The humble swag has come a long way from its beginnings. Once the ‘back-pack’ bed was predominantly used by ‘swaggies’ as they traipsed the countryside looking for work during the depression period. Nowadays, they are a much more comfortable affair. They have become bigger and include all you need for a great night's sleep, whether you’re gazing at the stars or tucked in tight from the weather. There are a few options to consider, depending on the level of comfort you want. There are plenty on the market, so it pays to do some research.  

Biker/Horse swag

The biker or horse swag is usually a smaller lightweight swag. They pack up into a compact roll and are lightweight. A spreader pole allows one end to be erected and the swag tapers down to your feet. These simple, traditional swags offer you shelter and place to rest, all the while keeping elements and bugs at bay. The compact nature makes these very popular for bikers and Mr Swagman has been producing them for years. 

The Dome Swag 

By far the most popular for 4WD based touring, dome swags have curved flexible aluminium poles at each end and a spreader pole to hold the canvas off you as you sleep. The space provided inside allows you to sit up and you can have them wide open with the sides rolled up, and each end opened up to create airflow in hot climates and mesh protecting you from insects. Alternatively, you can have the sides and ends zipped close to create a snug sleeping environment, protecting you from the weather outside. 

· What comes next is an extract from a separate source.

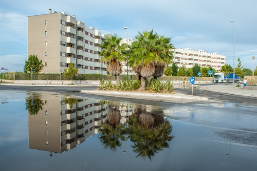 Tag: acqua, riflesso, palme, alberi, strada, palazzo, cielo, balconi, lampioni, verde, camion, palazzi, pozzanghera, riflessi, case.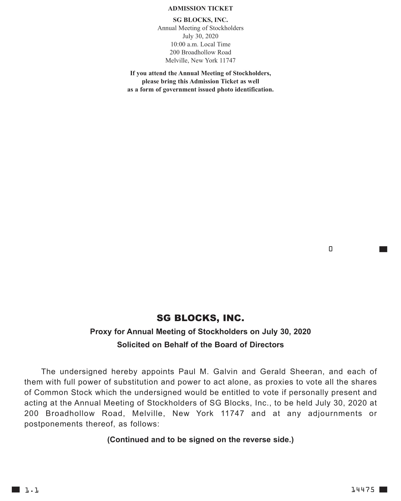 We hereby notify you that the 2020 Annual Meeting of Stockholders (the “2020 Annual Meeting” or “Annual Meeting”) of SG Blocks, Inc., a Delaware corporation, will be held on July 30, 2020 beginning at 10:00 a.m., local time be held at 200 Broadhollow Road, Melville, New York 11747, for the following purposes:

The dome swag is a bulky proposition compared to the simple biker/horse swag. That bulk does provide comfort (read on for what makes a swag comfortable). They are easy to set up and pack down, travel well on the roof or a ute tub and provide flexible sleeping and are especially comfortable on beach or desert sand. Features included on most dome swags are internal pockets, with some having an awning set up off the spreader bar. They are generally waterproof and can take a beating, both from the weather and long-term use. 

The Dome Swag on a Stand 

This is the next level in comfort. You can easily set your swag on a camp stretcher or go for a model which has the stand integrated into the swag. The benefit of either is you are off the ground. It's easier to get in if your bones are a bit weary. You lose less body heat if you're off the ground. The compromise is a slightly longer set up and they’re a little heavier. Oh, and the price factors into this extra feature as well. One to checkout is the Kulkyne Single Homestead swag. It's a king size swag with an integrated stand.   

How to choose the right swag?

Like all gear for camping and 4WD-driving, you get what you pay for. For starters the zips are your main pain point. The canvas, too, has to be waterproof and tear resistant. Finally, the mattress is all important, particularly if you are using your swag on an extended trip or you getaway a lot during the year. 

There are many swags from which to choose, with prices ranging from a couple of hundred dollars through to north of $1000. The more you are likely to use your swag should determine how much you pay for it. Also determine the size of your swag, as it has a bearing on your cost. If you’re a solo camper, then a single is fine. If you plan to take your better half, then a double or king size swag will add extra comfort. A double will fit a couple of kids quite easily. Set up time for any size swag is pretty minimal. 

Back to the components. 

The zippers - if you can get a swag with YKK zips then you have peace of mind and years of trouble-free use. Other zippers may work very well but may wear and snag over time. Again, it comes down to cost. 

Ripstop heavy duty canvas is the choice for the swags. Good quality swags use 410gsm hard coat waterproofed canvas, such as the Crashpad range among many other brands. Good canvas is durable, waterproof and provides reasonably good insulation. There are other materials used in a modern swag, just make sure it keeps the water out! 

Before purchasing, check things like the seam work. In particular, the PVC floor. Make sure it looks neat and tidy as this is a leak point. There are not many worse situations than a leaking swag in the middle of a storm.  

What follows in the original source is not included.